Временно перестаю писать о рабочих. Хочу дать книгу о евреях, хочу показать черту оседлости, где погибают сотни тысяч ни в чем не повинных людей.

Тружусь над этой темой изо всех сил. Ночи просиживаю перед письменным столом и готов умереть от жалости, когда воскресшая память показывает мне кошмары недавних лет. Пред моим умственным взором проходят голодные дети, бесприютные старики, встают картины человеческих страданий, и дрожь пробегает по телу, когда вспоминаю запятнанные вечным позором еврейские погромы и массовые избиения беззащитного народа.

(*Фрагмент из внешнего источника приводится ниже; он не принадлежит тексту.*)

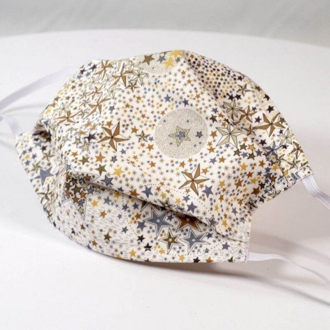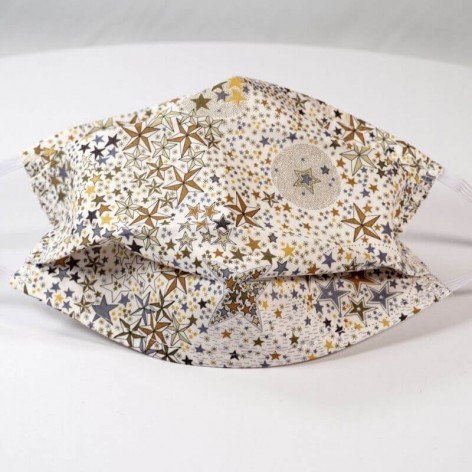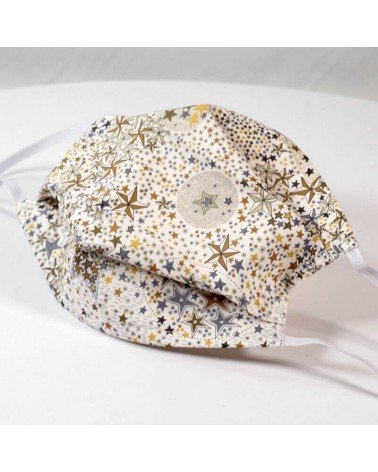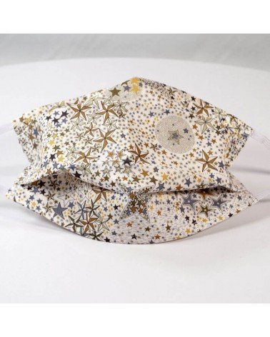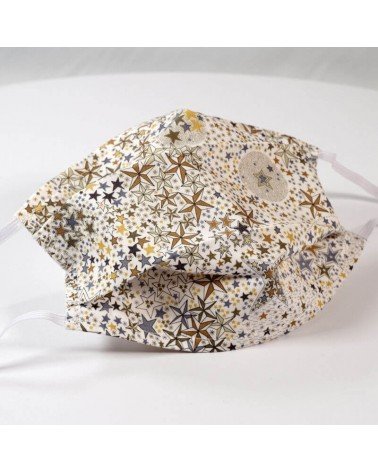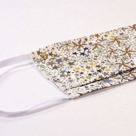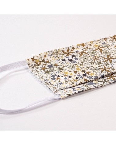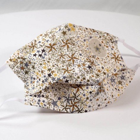 Masque barrière lavable en tissu de coton, réalisé avec une face en Liberty à motifs étoilés, et une face en coton blanc (intérieur).
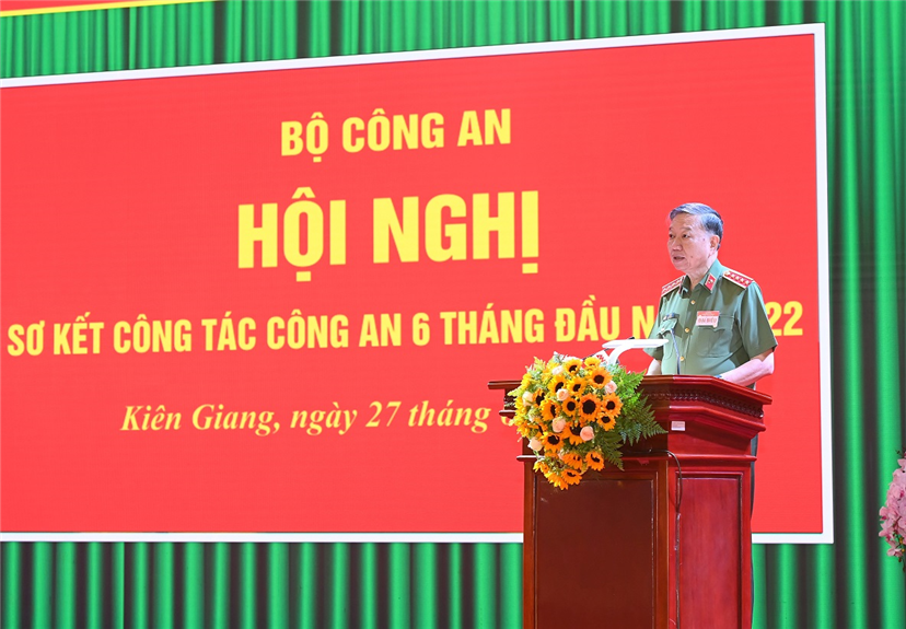 Phát biểu khai mạc Hội nghị, Bộ trưởng Tô Lâm nhấn mạnh, Hội nghị sơ kết công tác công an 6 tháng đầu năm 2022 diễn ra trong bối cảnh toàn Đảng, toàn dân và toàn quân ta đang nỗ lực phấn đấu thực hiện thắng lợi Nghị quyết Đại hội lần thứ XIII của Đảng, các chủ trương, Chỉ thị, Nghị quyết của Bộ Chính trị, Ban Bí thư, Ban Chấp hành Trung ương Đảng, Quốc hội, Chính phủ trên các lĩnh vực kinh tế, văn hóa, xã hội, quốc phòng, an ninh, đối ngoại.

Пишу нервами и кровью взволнованного сердца. Читаю жене. Она хвалит, благодарит и плачет обильными слезами.

А цензору не нравится, и редакция «либеральнейшего» журнала «Вестник Европы» возвращает мне рукопись с обычной припиской: «не подходит по цензурным условиям».

Положительно теряюсь и окончательно падаю духом.

Где только возможно и где дают — беру авансы. Но и эти источники давно уже иссякли. Попадаю в темный круг неудач и теряю последние надежды.

Сегодня особенно тяжелый день. Одолжить не у кого, нести в ломбард нечего. Хоть в петлю лезь.

И вдруг Геруц… Геруц, давно исчезнувший с моего горизонта.

Его появление как нельзя белее кстати. Ведь он мне так много должен…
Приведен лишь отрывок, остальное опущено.